Kelly’s refusal to face facts on New Hampshire’s business taxes further shows that she can’t be trusted to lead the state forward.
The New Hampshire Union Leader writes:
“Molly Kelly is wrong about New Hampshire business taxes.
As a state senator, Kelly staunchly opposed Republican efforts to lower New Hampshire’s punishing business tax rates, as Kelly and her fellow Democrats argued doing so would would ‘blow a $90 million hole in the budget.’
Kelly was wrong about that. Business tax revenues have been booming after Republicans cut rates for both the Business Profits Tax (BPT) and Business Enterprise Tax (BET.)
Kelly now chides Gov. Chris Sununu for ‘funding tax breaks for the wealthy corporations’ instead of social services.
Kelly is wrong about that, too. All New Hampshire businesses are benefitting from lower rates. There are no special breaks for wealthy corporations. If elected, Kelly promises to increase the BET by 50 percent, increasing payroll costs for all but the smallest New Hampshire employers.

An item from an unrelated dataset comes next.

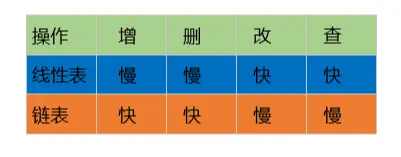 通过上面介绍的关于链表的增删改查,相信大家也对链表有了个大致的认识,我们可以看到链表数据的增加与删除还是属于便捷的,只需对指针进行操作即可,而不用像前一章(线性表)需要将后面的元素往后移来腾出空间安置新元素或者将后面的元素往前补来顶替被删除的元素。但是在查询或修改方面则显得比较麻烦,需要遍历整个链表才能找到目标元素,由此对比两种数据结构可得: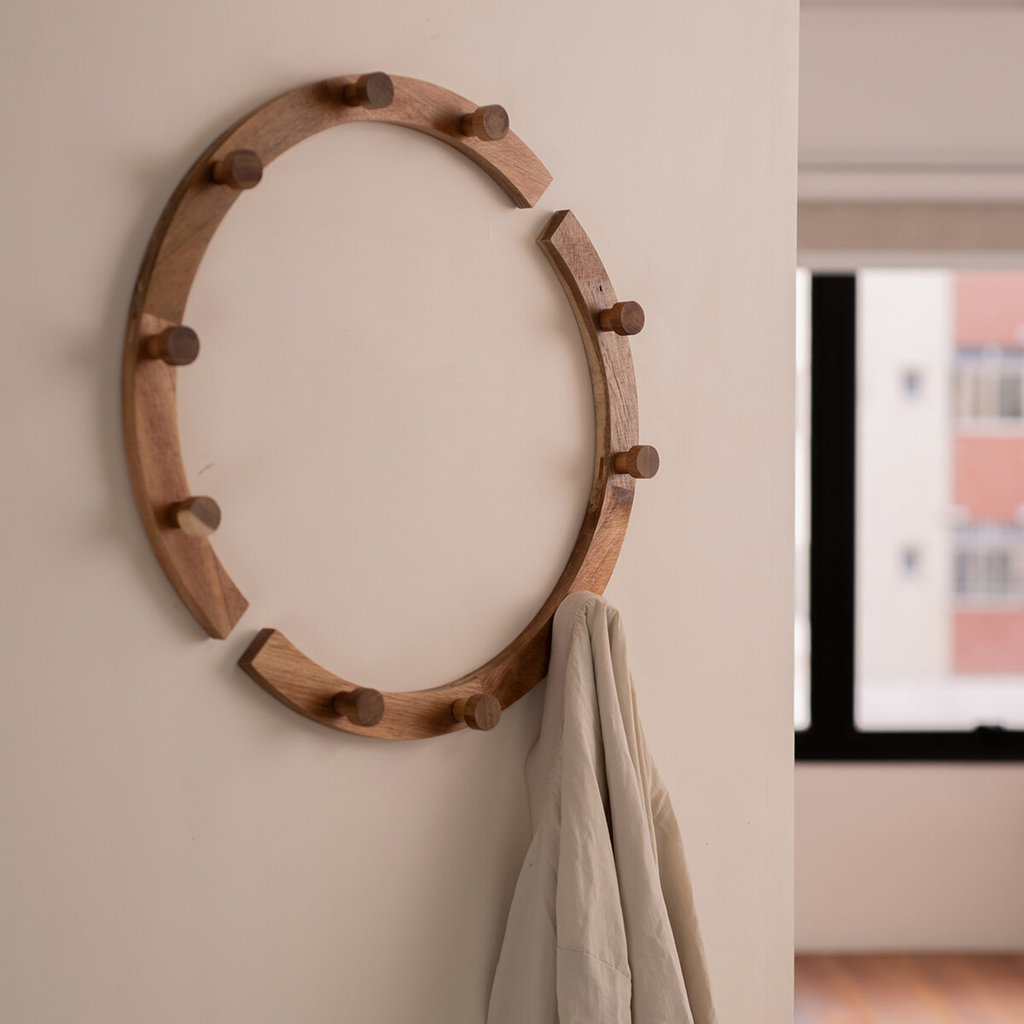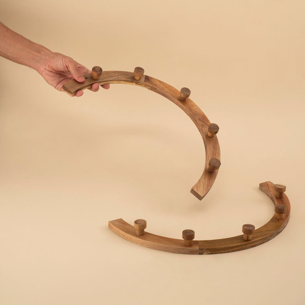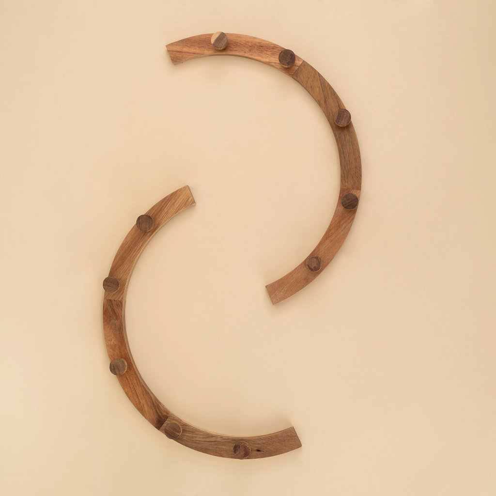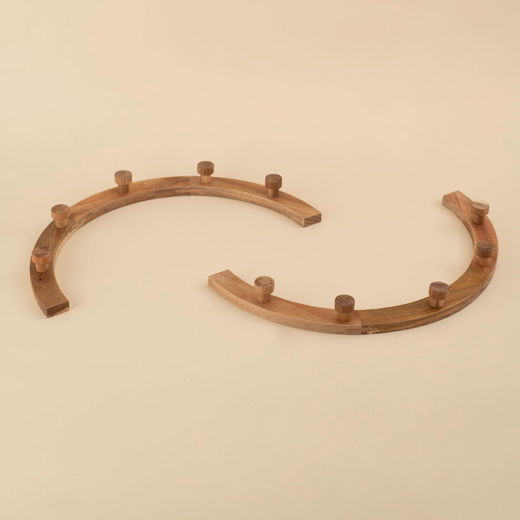 kit 2 cabideiros de madeira acácia arcos modulares com 5 pinos resistente - Oikos

Kelly is wrong about the state lacking money. The state has a surplus, which the Legislature has used to fill the Rainy Day Fund and provide additional funding for many programs.
If Kelly wants to spend more on certain programs, there is room within the current tax framework. There is no need to raise New Hampshire business taxes higher than those in neighboring states.
Kelly fought for years against business tax rate cuts. Having been proven wrong about the consequences, she would raise them again anyway.”